Directions for this task - Set every record down verbatim and omit the pictures.

Material for the task -
--
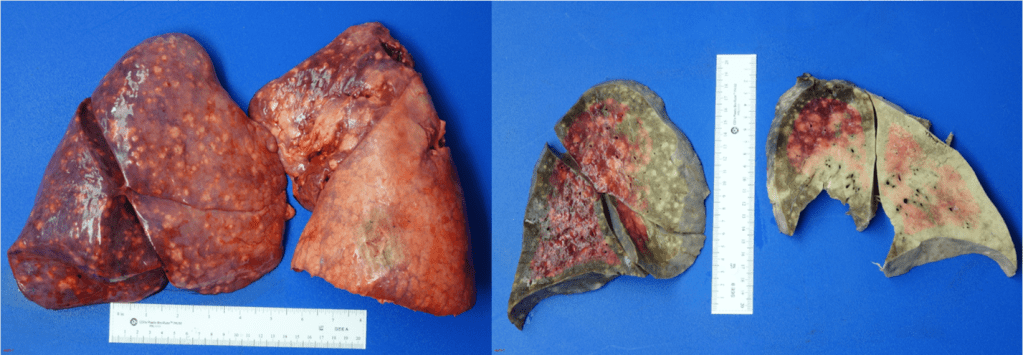 A middle-aged patient with a complex past medical history presented to the Emergency Department with the primary complaints of shortness of breath and cough. The patient had recently been admitted for community-acquired pneumonia and discharged with antibiotics 10 days ago. However, the patient continued to have a dry cough, a fever of 102 degrees F, and shortness of breath. On the new admission, they were noted to be hypotensive and labs showed elevated WBC (14.7), lactate of 7.3, proBNP of 852, and procalcitonin of 4.62. Bacterial blood cultures showed no growth. A chest x-ray showed worsening left lower lobe consolidation with extension to the left upper lobe, compared to the x-ray at the previous admission. A bronchoscopy was done and bronchoalveolar lavage (BAL) was submitted for Gram stain, aerobic bacterial culture, and fungal culture. The Gram stain and bacterial culture were negative. However, the fluorochrome stain showed many large budding yeast forms, most suggestive of Blastomyces dermatitidis. Lung tissue sample culture (Image 1), Gram stain (Image 2) and histopathology (Image 3) confirmed the identification as Blastomyces dermatitidis. The patient was expired before the results were released. Gross images of lungs are shown in image 4.
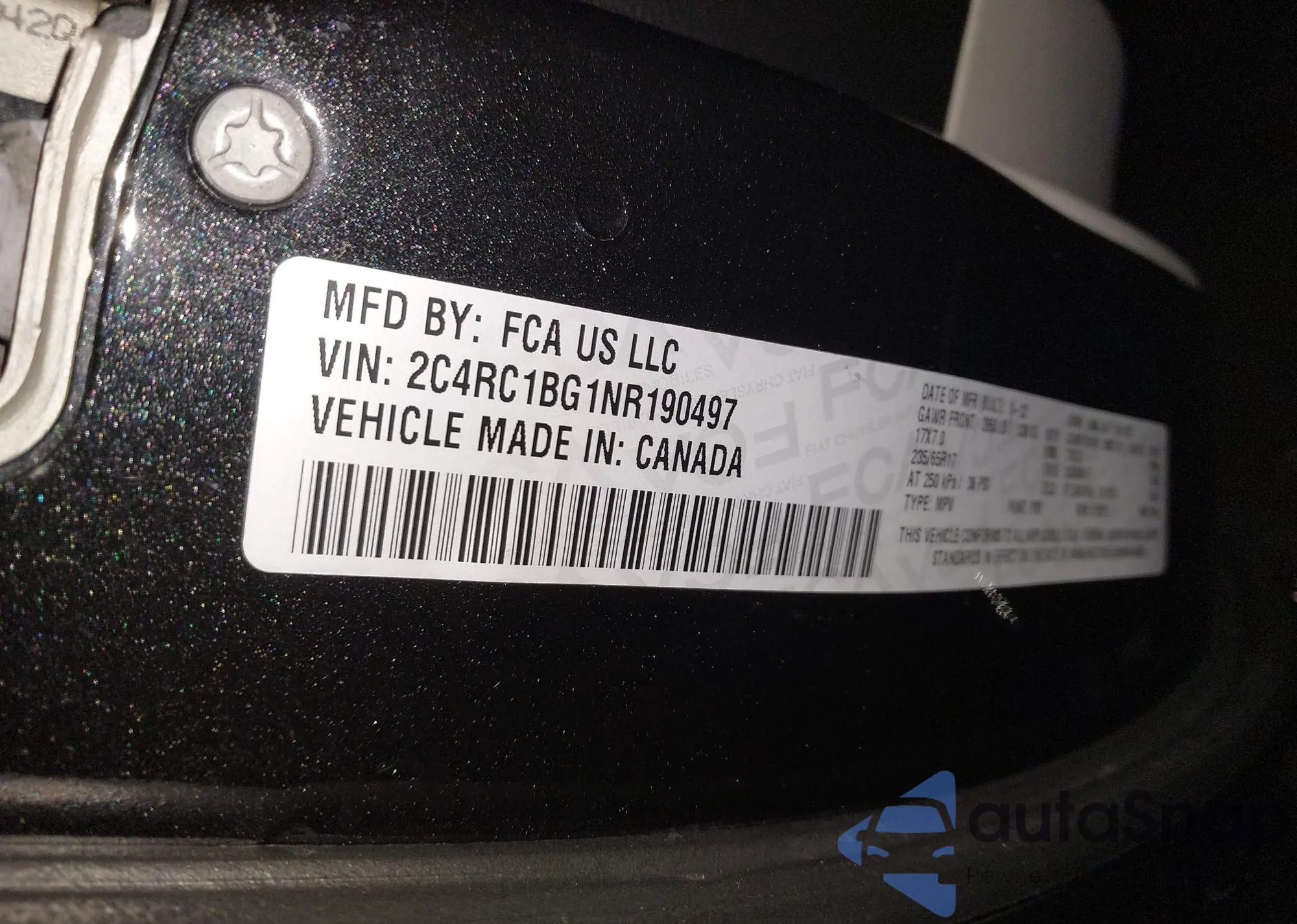 • VIN 2C4RC1BG1NR190497
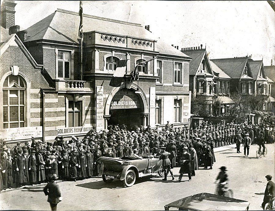 Church House survived the Great War but, after a narrow escape on 6th September 1940, the building succumbed to incendiary bombs on the night of 17th April 1941. Unfortunately, it was impossible to get firefighters to the site because Church Road was blocked by the ruins of the Parish Church, bombed earlier in the night. Nothing remains of the building but a couple of brick walls around the Council depot and the terrace balustrade which can be seen in one of the photos below. The entrance gate and lodge, also pictured, still exist. The Central Hall was also a WW II victim.
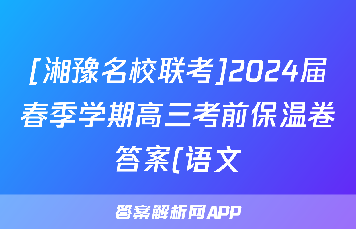 [湘豫名校联考]2024届春季学期高三考前保温卷答案(语文)
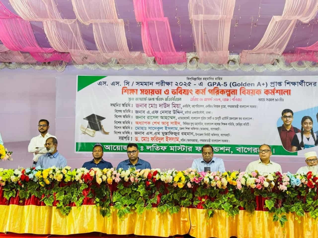 বাগেরহাটে এসএসসি ও সমমান পরীক্ষা ২০২৫-এ জিপিএ-৫ (গোল্ডেন এ+) অর্জনকারী শিক্ষার্থীদের শিক্ষা সহায়তা ও ভবিষ্যৎ কর্মপরিকল্পনা বিষয়ক কর্মশালা অনুষ্ঠিত হয়েছে।
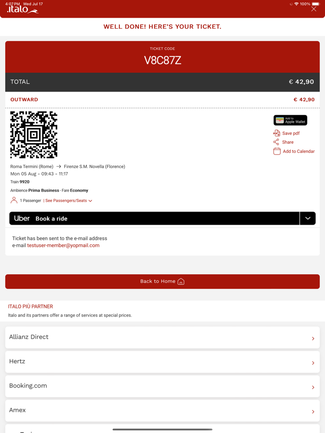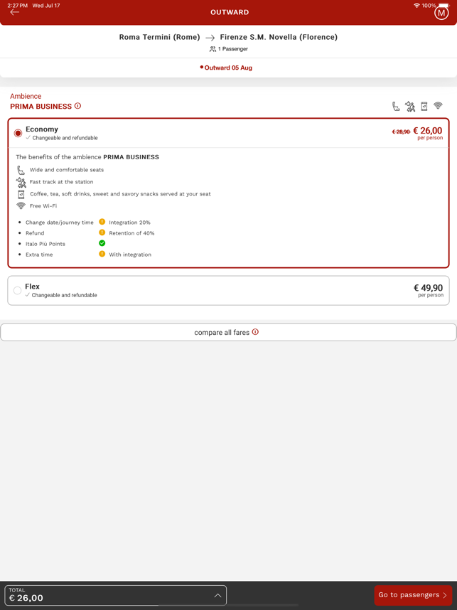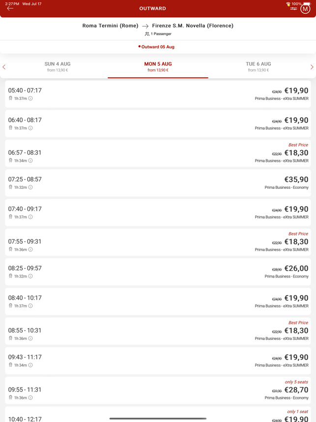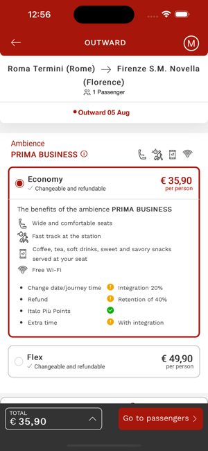Welcome to the Italo app - The Official Italian high-speed train, where you can book your tickets to travel all over Italy, always at the best prices and without booking fees. Purchase your tickets with Italo to travel at maximum speed between Italy's most captivating cities, such as Rome, Milan, Naples, Florence, Venice, as well as to over 1000 destinations nationwide thanks to bus and regional train connections. · Rome-Florence in only 1 hour and 30 minutes travel time. · Rome-Venice in only 3 hour and 50 minutes travel time. · Naples-Rome in only 1 hour and 10 minutes travel time. · Milan-Venice in only 2 hours and 30 minutes travel time. · Venice-Florence in only 2 hours travel time. · Florence-Milan in less than 2 hours. · Milan-Rome in less than 3 hours. Why should you download the Italo app? · No booking fees and always the most convenient prices available within the app. · Streamlined and faster purchase process to ob
--
Your solution -
 A middle-aged patient with a complex past medical history presented to the Emergency Department with the primary complaints of shortness of breath and cough. The patient had recently been admitted for community-acquired pneumonia and discharged with antibiotics 10 days ago. However, the patient continued to have a dry cough, a fever of 102 degrees F, and shortness of breath. On the new admission, they were noted to be hypotensive and labs showed elevated WBC (14.7), lactate of 7.3, proBNP of 852, and procalcitonin of 4.62. Bacterial blood cultures showed no growth. A chest x-ray showed worsening left lower lobe consolidation with extension to the left upper lobe, compared to the x-ray at the previous admission. A bronchoscopy was done and bronchoalveolar lavage (BAL) was submitted for Gram stain, aerobic bacterial culture, and fungal culture. The Gram stain and bacterial culture were negative. However, the fluorochrome stain showed many large budding yeast forms, most suggestive of Blastomyces dermatitidis. Lung tissue sample culture (Image 1), Gram stain (Image 2) and histopathology (Image 3) confirmed the identification as Blastomyces dermatitidis. The patient was expired before the results were released. Gross images of lungs are shown in image 4.
 • VIN 2C4RC1BG1NR190497
 Church House survived the Great War but, after a narrow escape on 6th September 1940, the building succumbed to incendiary bombs on the night of 17th April 1941. Unfortunately, it was impossible to get firefighters to the site because Church Road was blocked by the ruins of the Parish Church, bombed earlier in the night. Nothing remains of the building but a couple of brick walls around the Council depot and the terrace balustrade which can be seen in one of the photos below. The entrance gate and lodge, also pictured, still exist. The Central Hall was also a WW II victim.
 [湘豫名校联考]2024届春季学期高三考前保温卷答案(语文)
 বাগেরহাটে এসএসসি ও সমমান পরীক্ষা ২০২৫-এ জিপিএ-৫ (গোল্ডেন এ+) অর্জনকারী শিক্ষার্থীদের শিক্ষা সহায়তা ও ভবিষ্যৎ কর্মপরিকল্পনা বিষয়ক কর্মশালা অনুষ্ঠিত হয়েছে।
Welcome to the Italo app - The Official Italian high-speed train, where you can book your tickets to travel all over Italy, always at the best prices and without booking fees. Purchase your tickets with Italo to travel at maximum speed between Italy's most captivating cities, such as Rome, Milan, Naples, Florence, Venice, as well as to over 1000 destinations nationwide thanks to bus and regional train connections. · Rome-Florence in only 1 hour and 30 minutes travel time. · Rome-Venice in only 3 hour and 50 minutes travel time. · Naples-Rome in only 1 hour and 10 minutes travel time. · Milan-Venice in only 2 hours and 30 minutes travel time. · Venice-Florence in only 2 hours travel time. · Florence-Milan in less than 2 hours. · Milan-Rome in less than 3 hours. Why should you download the Italo app? · No booking fees and always the most convenient prices available within the app. · Streamlined and faster purchase process to ob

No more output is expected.